City to use landfill gas to generate electricity

2/17/2003
BY TOM TROY
BLADE STAFF WRITER

A proposal for the city of Toledo to produce its own electricity from landfill gases has gained a $1.6 million boost from Congress.

U.S. Rep. Marcy Kaptur (D., Toledo) is expected to join Mayor Jack Ford today to announce the project they say will save the city $3 million a year off its FirstEnergy Corp. electrical bill.

The project would use methane gas produced by decaying garbage in the Hoffman Road Landfill to power the city's wastewater and freshwater treatment plants.

City Councilman Peter Gerken credited engineer James Opaczewski, owner of Turbo Dynamics, with suggesting the methane process to make electricity.

“He has another internal energy system that he put in place at St. Vincent [Mercy Medical Center], which made them virtually Edison-free,” Mr. Gerken said. “I like the sound of saving money.”

Mr. Opaczewski, who is partnering with two other local engineering firms, said the system will produce 8 megawatts of electricity - enough to power 4,000 homes.

He said it will cost $15 million to design, make, and install, but should easily save the city more than $100 million over 30 years.

Miss Kaptur said the $1.6 million appropriation passed the House of Representatives and the Senate late Thursday.

“I want to make Toledo the first `green' community in America,” she said.

Miss Kaptur said the electricity could eventually power the SeaGate Convention Centre, the Farmers Market, and other publicly owned facilities.

“This will form the spine of a new set of power alternatives,” Miss Kaptur said.

Those alternatives could also include solar cells.

Mr. Opaczewski said he and Chris Middlebrough, manager of the city's wastewater treatment plant, came up with the plan to use the gas - now being burned off from a stack at the landfill - to make electricity.

The federal funds will pay for acquisition of the gas collection system.

The gas will be piped to the Bay View wastewater treatment plant and the Collins Park water treatment plant.

There, it would be used to power turbines to produce electricity.

The plan is to have the city's Department of Public Service, which runs the landfill, “sell” the methane to the Department of Public Utilities, which runs the water treatment system and is funded separately through its user fees.

The money would go into the city's general fund and would be dedicated, in part, to paying the debt service to construct a municipal garage to replace the aging structure on Albion Street.

“Once this system is put in, the landfill gas will become our primary source of energy” at the treatment plants, said Robert Williams, who is coordinating renovation of the city's wastewater-treatment system to comply with a federal court consent decree.

“And rather than pay Edison for the power to run the plant, we will be paying the service department,” Mr.
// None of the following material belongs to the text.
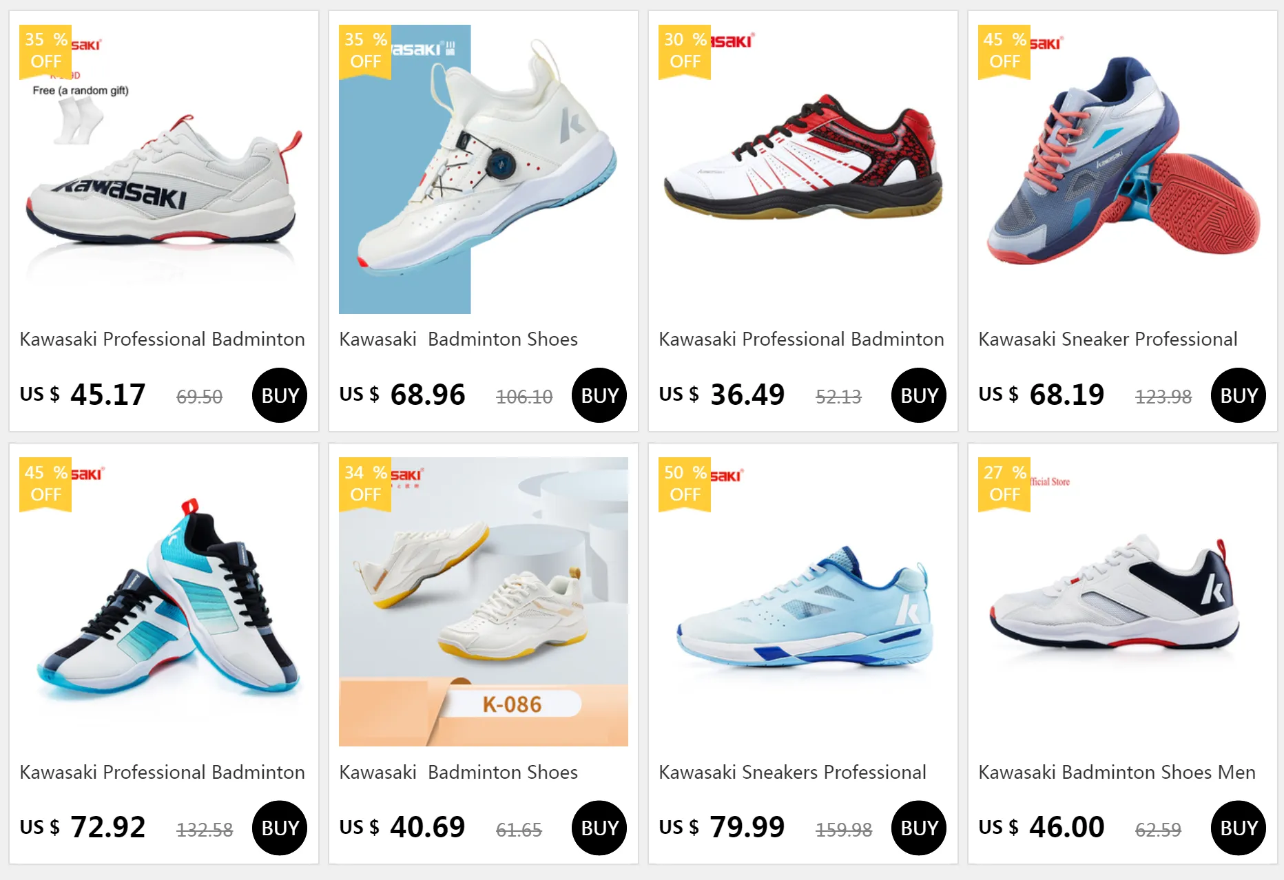 F1550 Kawasaki รองเท้าแบดมินตัน Breathable Anti-Slippery Sport Shoes For Men Women Super Light Sneakers K-170D

Williams said.

He said the methane gas is a long-term source of fuel that will never go up in price.

The methane gas is expected to last at least 30 years.

One of the terms of the city's consent decree with the U.S. Environmental Protection Agency over its wastewater and sewer system is that the city must provide a backup power source for the wastewater-treatment plant.

Mr. Williams said the gas turbine will rely on methane from the landfill and from the treatment plant's own gas-producing digesters.

He said the turbine also will be connected to natural gas supplies.

As an additional backup, the plant will remain connected to FirstEnergy, which owns Toledo Edison, Mr. Williams said.

The proposal was put out to bid in late 2001. Mr. Opaczewski's bid had been tentatively accepted, but has not been awarded yet, Mr. Williams said.

Mr. Opaczewski said the power generating plant at St. V's has been in operation for 12 years; it generates electricity from steam the hospital produces for its heating and air-conditioning system.

Mr. Opaczewski said the hospital's electricity is made at a fraction of the price of commercial electricity.

Mr. Opaczewski, 48, a graduate of the University of Toledo college of engineering, said his interest is making energy systems more efficient by eliminating waste.